• What to work on
Leave out every picture and set down, exactly, the lines below from the one holding "Пророссийские активисты у" up to and including the one holding "Front view of".

• Records for this exercise
* * *

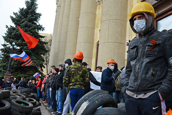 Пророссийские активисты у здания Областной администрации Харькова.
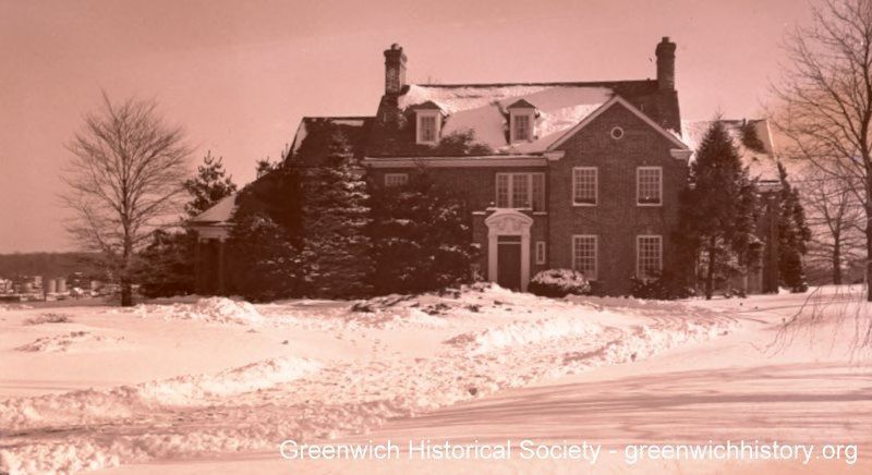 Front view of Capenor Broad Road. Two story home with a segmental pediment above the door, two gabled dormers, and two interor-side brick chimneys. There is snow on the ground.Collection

* * *

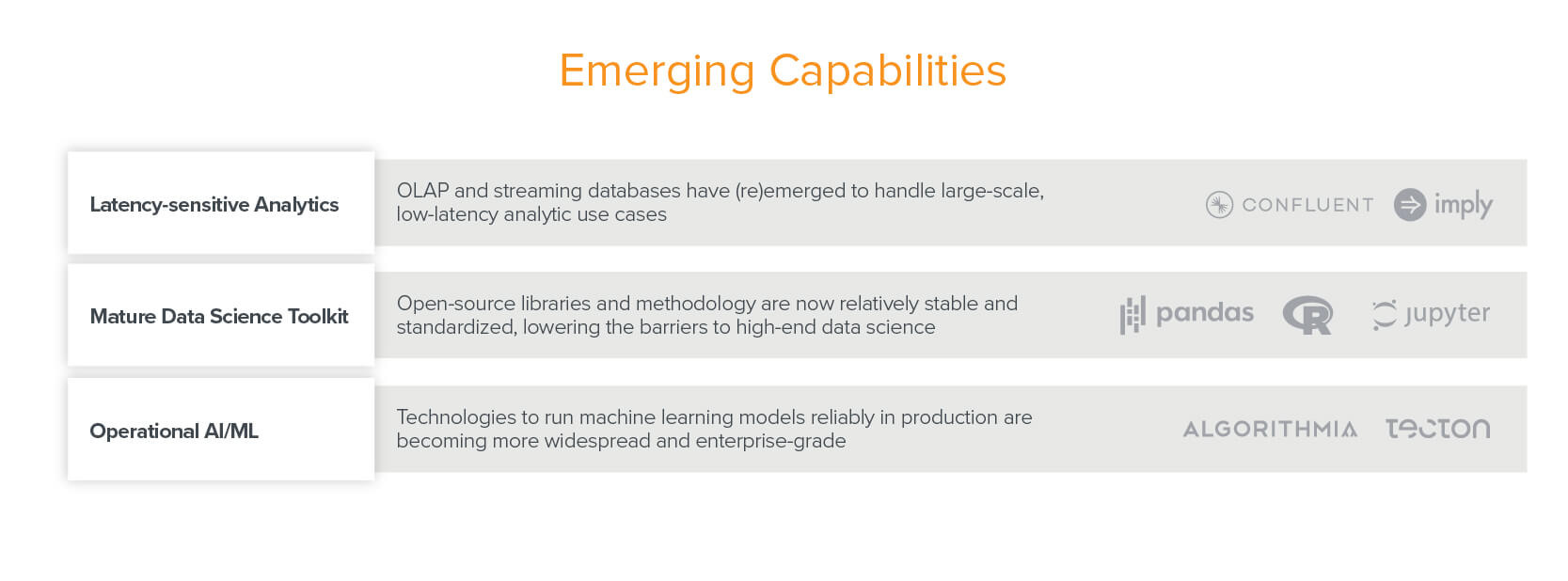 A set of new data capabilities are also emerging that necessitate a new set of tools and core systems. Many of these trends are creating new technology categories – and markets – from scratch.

* * *

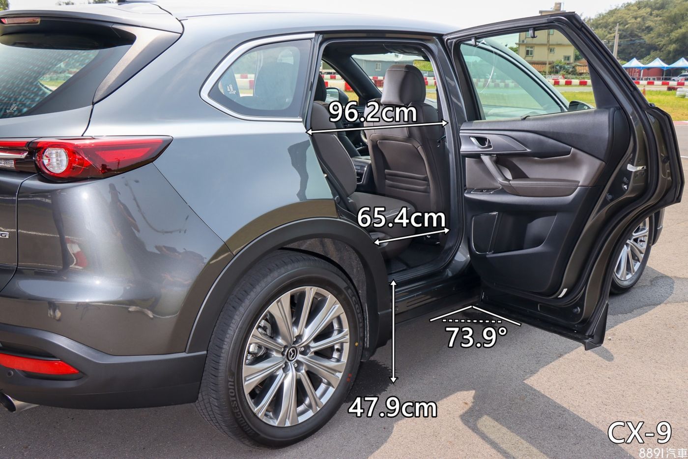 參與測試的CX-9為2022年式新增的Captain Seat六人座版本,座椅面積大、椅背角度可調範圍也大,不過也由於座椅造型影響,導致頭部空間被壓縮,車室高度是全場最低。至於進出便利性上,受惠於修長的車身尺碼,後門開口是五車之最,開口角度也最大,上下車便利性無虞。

* * *

• Your response
 Пророссийские активисты у здания Областной администрации Харькова.
 Front view of Capenor Broad Road. Two story home with a segmental pediment above the door, two gabled dormers, and two interor-side brick chimneys. There is snow on the ground.Collection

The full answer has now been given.